Towards a common format for interfacing fast detector simulation and analysis tools

Interested people

MadAnalysis people: E. Conte, B. Fuks, G. Serret
Delphes people
Bats ANR project: J. Andrea, C. Collard

Goals of this page

Set up a new format allowing for communication between fast detector simulation and analysis tools.
This format must come with a reader and possibly a concatenator allowing for merging the samples easily.
This format must be compatible with all the existing event formats (stdhep, hepmc, lhe, etc...).
It must include all the features needed by the existing codes (delphes, madanalysis, pgs, ...).
The format must be flexible: no breaking if information are missing => the reader should know what to do.
The format should be backward and forward compatible: if one adds a new attribute (this is hard with Root, see below).

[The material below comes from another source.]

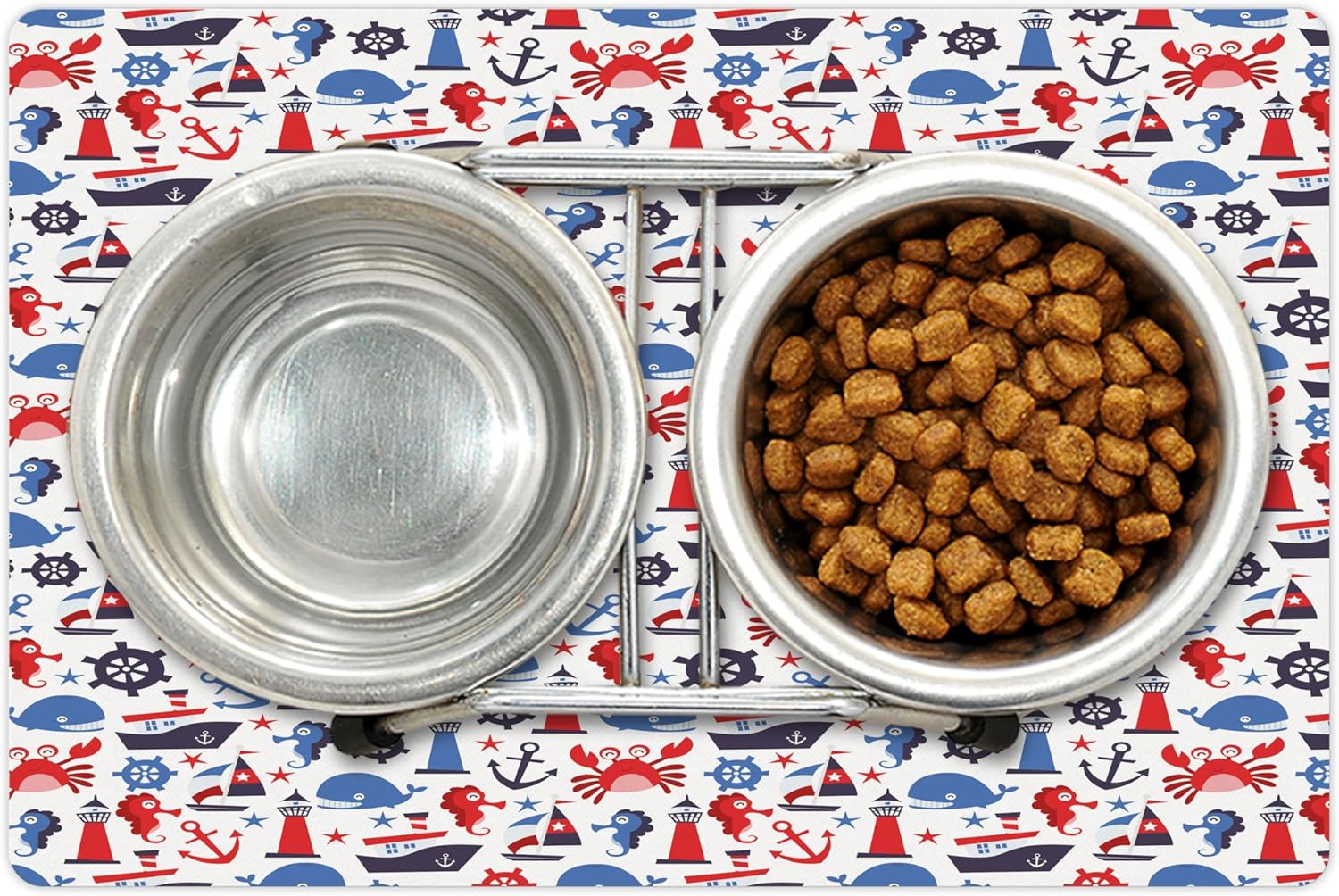 - Features - Fun prints and long-lasting colors. Find any theme and color you want to match your room decor or your petâs personality. This pet feeding mat can even feature your cat's or dogâs favorite item or design, adding a cheerful touch to your petâs feeding area.

Concepts (alphabetical order)

Branching system (time efficiency): one should be able whether or not to load specific branches of the event (e.g., reading photon collections or not according to the needs).
Flexible, easily extendible: including new attribute/method/whatever should not break the format.
Interoperability: open format
Object-oriented: all the information is available once the event is loaded; pointers can be included in the format.
Pipe-lining: avoiding reading and writing files (efficiency, time,...).
Size of the variables: universality (int = 16/32/64bits? etc...).
Not reinventing the wheel if not necessary: STL libraries, TLorentzVector objects work well => to be used.
Traceability: dates, authors, versions, changelog, ...

First draft for the format (so far, nothing is fixed)

General features

A folder structure, with collections included in each folder, seems to be the most appropriate since we have different types of information (see below).
The collections should be able to communicate (gen-reco matching) through pointers.
This fits very well into a Root structure.
- Problem with the Root serialization: if we add a new attribute -> we loose the backward compatibility.
- Code versioning, general information about the events, etc are not easy to save in the Root format.
- One possible solution consists in Sezen's method (STL vector of simple variables) but the structure becomes messy.
- Another obvious option is to get rid of Root => what should we use? Do we have the time budget to develop something new? For instance, using Boost libraries ?
- One could think to an adaptive serializer which is passed to Root a priori so that Root could generate the dictionary necessary for reading events.

First (still incomplete) skeleton for the structure: 3 folders

General information info (should ensure reproducibility) (a)
- detector cards
- trigger cards
- MC generator cards
- versions and names of the used codes at each level of the chain (from the model to the end).
mctruth (this is important for gen-reco matching; if not interested, this folder can be empty).
- gen particles before hadronization (b)
  - Four-momentum (c)
  - PDG-id, statuscode
  - vertex (3Vector) where created
  - vertex (3Vector) where destroyed
  - lifetime
- gen particles after hadronization (b)
  - four-momentum (c)
  - PDG-id, statuscode
  - vertex (3Vector) where created
  - vertex (3Vector) where destroyed
  - liefetime
- initial particles (b)
  - same as gen particles (with primary as the vertex where created)
  - information on the momentum fraction, alpha_s, etc...
- gen vertices: vertex
  - position (3Vector)
  - links to incoming and outgoing particles (d)
- noise particles (pile-up and cie) (e)
  - not associated to any vertex
reco
- electrons
- muons
- taus
- photons
- jets
- met
- vertex (f)
- tracks (f)

Footnotes

(a) All the information about the fastsim is currently missing in the existing format. It must be included for reproducibility issues and take into account the modularity of the fast simulation.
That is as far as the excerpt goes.